## Training a Neural Network with Python

### Introduction

In the chapter "Running Neural Networks", we programmed a class in Python code called 'NeuralNetwork'. The instances of this class are networks with three layers. When we instantiate an ANN of this class, the weight matrices between the layers are automatically and randomly chosen. It is even possible to run such a ANN on some input, but naturally it doesn't make a lot of sense exept for testing purposes. Such an ANN cannot provide correct classification results. In fact, the classification results are in no way adapted to the expected results. The values of the weight matrices have to be set according the the classification task. We need to improve the weight values, which means that we have to train our network. To train it we have to implement backpropagation in the `train`

method. If you don't understand backpropagation and want to understand it, we recommend to go back to the chapter Backpropagation in Neural Networks.

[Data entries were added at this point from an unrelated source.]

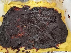 Plech na pečení vyložte alobalem a pečicím papírem, který vymažte sádlem a dovnitř rozprostřete bramborové těsto. Bramborovou placku pokapejte rozpuštěným máslem nebo sádlem a vložte ho do trouby rozehřáté na teplotu 160 °C péct dorůžova.
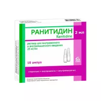 Ранитидин 25 мг/мл раствор для инъекций 2 мл ампулы 10 шт
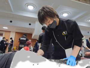 鍼灸マッサージのボランティア活動を行っており、本校はりきゅう学科の学生も選手の受付や誘導をお手伝いしました。
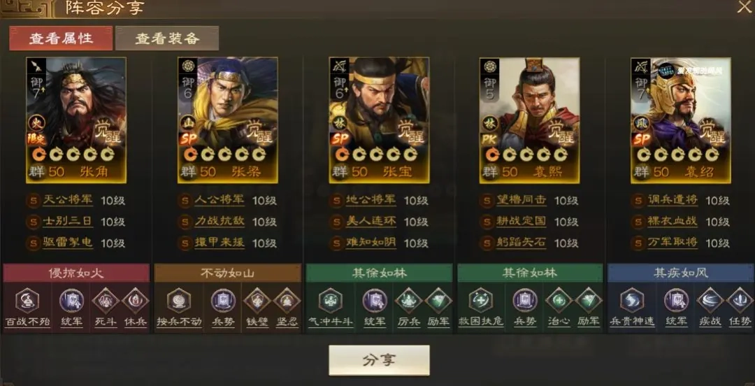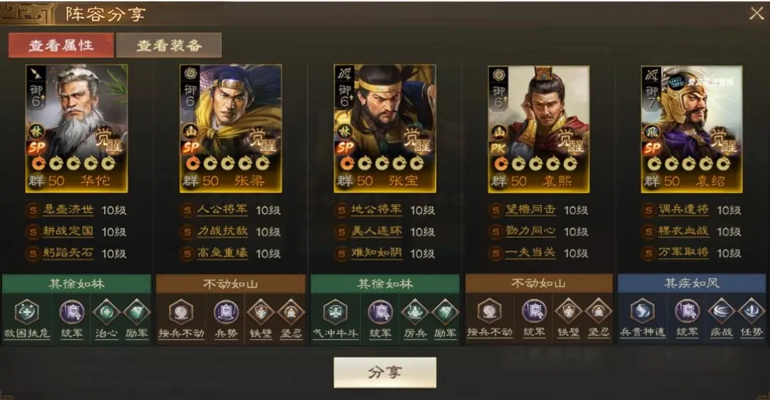 这套四保一SP袁绍阵容,以SP张梁担纲主坦,负责伤害分摊与功能性辅助;SP张宝则为SP袁绍加持属性;SP华佗司职治疗;袁熙作为工具人,同时也承担着为SP袁绍分摊伤害的职责。

After knowing und hopefully understanding backpropagation, you are ready to fully understand the `train`

method.

The `train`

method is called with an input vector and a target vector. The shape of the vectors can be one-dimensional, but they will be automatically turned into the correct two-dimensional shape, i.e. `reshape(input_vector.size, 1)`

and `reshape(target_vector.size, 1)`

. After this we call the `run`

method to get the result of the network `output_vector_network = self.run(input_vector)`

. This output may differ from the `target_vector`

. We calculate the `output_error`

by subtracting the output of the network `output_vector_network`

from the `target_vector`

.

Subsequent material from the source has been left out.